Kennzeichnend für die milieuspezifische Erinnerungskultur [6] der frühen Weimarer Republik sind sowohl die zwei Schwerter, als auch das Eiserne Kreuz. Diese Symbole ergänzen den ohnehin soldatischen Charakter des Ehrenmals um eine weitere Komponente: den Gefallenenkult. Die so deutlich werdende Heroisierung der gefallenen deutschen Soldaten war eines der zentralen Themen des national-konservativen Lagers.[7] Dem nach dieser Lesart heldenhaften Einsatz für ihr Vaterland, den sie mit ihrem Leben bezahlen mussten, sind die Lorbeerblätter gewidmet. In mythisch-germanischer Tradition symbolisieren sie Tapferkeit. Damit korrespondieren sie mit dem Eisernen Kreuz, das seinerseits als Auszeichnung für besonders tapfere Handlungen zu Kriegszeiten verliehen wurde. Die Gruppe von Eichenbäumen zählt ebenso zu den germanisierenden Motiven.[8] Wurden solche Heldenhaine auch oftmals als Grabsteinersatz genutzt, so kann dies für das Alt-Wolfsburger Ehrenmal indes nicht nachgewiesen werden. Vielmehr steht der Hain hier sinnbildlich für das sich aufrichtende, von jeglichem Joch befreite Deutschland, wie es Professor Bröckler noch in seiner Rede einforderte.

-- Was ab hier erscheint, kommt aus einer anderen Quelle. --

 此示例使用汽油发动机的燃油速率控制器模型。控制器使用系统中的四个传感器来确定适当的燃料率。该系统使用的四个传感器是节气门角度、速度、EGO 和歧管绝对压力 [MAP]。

Welch verheerende Folgen der Erste Weltkrieg für einen kleinen Ort wie Heßlingen zeichnete, der 1910 exakt 342 Einwohner zählte, geht aus einem Eintrag der örtlichen Schulchronik hervor, die der dortige Lehrer Willy Reinemund am 16. Februar 1926 vornahm: „1922 — 105 Kinder/1923 — 90 Kinder (Geburtenausfall durch den Krieg).“[9] Gleich 20 Männer der Gemeinde hatten im Ersten Weltkrieg ihr Leben gelassen. 

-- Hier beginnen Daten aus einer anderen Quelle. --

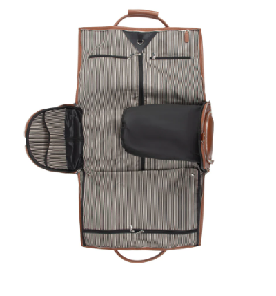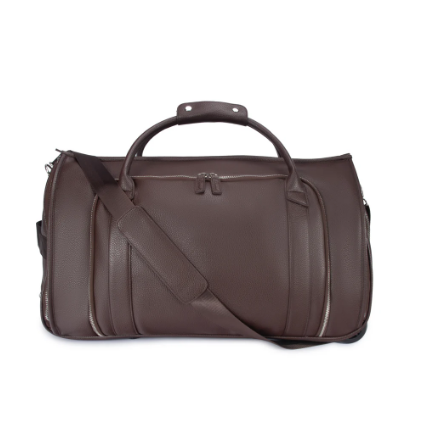 This sleek, stylish bag blends functionality and fashion for the modern traveler. Made from high-quality vegan leather, it functions as both a garment and duffel bag, perfect for any trip. Its carry-on size ensures hassle-free travel. The 2-stage telescoping handle and wheels make it easy to maneuver, and the trolley sleeve slides onto any luggage handle. The exterior office zipper pocket securely holds up to a 14" laptop. With 3 open welt pockets and 1 zipper pocket, organizing essentials is easy. The exterior zipper pocket can hold 1 to 2 pairs, ideal for business trips or weekend getaways. Inside, 4 zipper pockets, a metal ring for hanging garments, and 1 open side pocket keep everything in place.

Bilder des Volkstrauertags vom 5 März 1950; Privatbesitz Henning Radtke

Um den insgesamt 56 Gefallenen der Gemeinden Heßlingen, Rothehof und Rothenfelde aus dem Zweiten Weltkrieg eine letzte Ehre zu erweisen, wurden am Sonntag den 16. November 1975, am internationalen Volkstrauertag, vier Tafeln ergänzt,[10] auf denen deren Namen verzeichnet sind.[11] In jenen Tagen war die stadtweit geführte Diskussion um eine Versetzung des Ehrenmals, die Anfang der 1950er Jahre im Zuge der Planungen für eine Umgehungsstraße aufkam, längst schon wieder verstummt.[12] 

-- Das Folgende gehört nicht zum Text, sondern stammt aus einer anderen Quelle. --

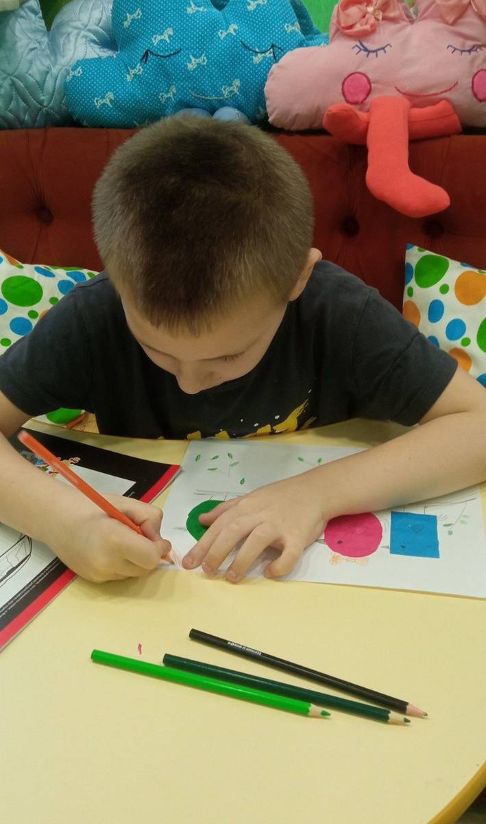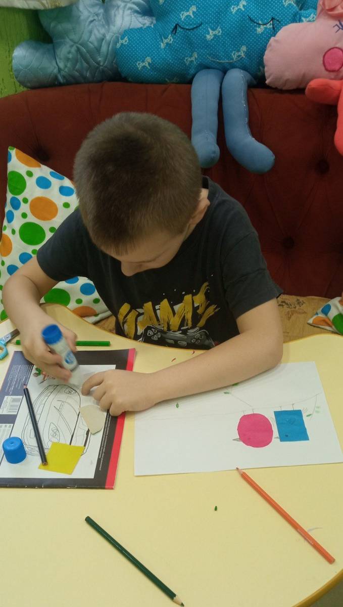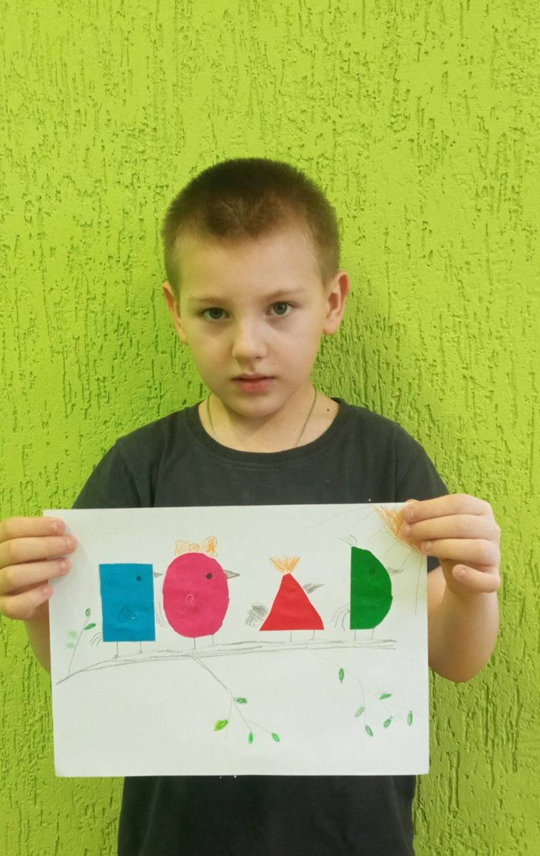 Воспитанники отделения «Дошкольник» ОКУ «Щигровский центр социальной помощи семье и детям «Импульс» работали с аппликацией  из геометрических фигур, продолжая знакомиться с  с формами, цветами и композицией. Работа с геометрическими фигурами помогает детям понять основы геометрии, развивает мелкую моторику  и пространственное мышление. Результат работы:«Птички на ветке».

Zeichnung der Vorder- und Draufsicht des Kriegerdenkmals in Alt-Wolfsburg, April 1959; StadtA Wob, HA 6278, Bd. 2

Die angedachte Translozierung auf die Piazza d’Italia oder in den Schlosspark wurde im August 1964 auf Anraten des Hochbauamts zu den Akten gelegt. Und dies auch, da „die Bänke vor Ehrenmalen in großen Parkanlagen Vagabunden und Liebespaaren [erfahrungsgemäß] als Refugium [dienen]“,[13] so der Fingerzeig eines Baubeamten, der vor etwaigen als unsittlich empfundenen Handlungen und ungewünschten Besuchern gleichermaßen warnte. 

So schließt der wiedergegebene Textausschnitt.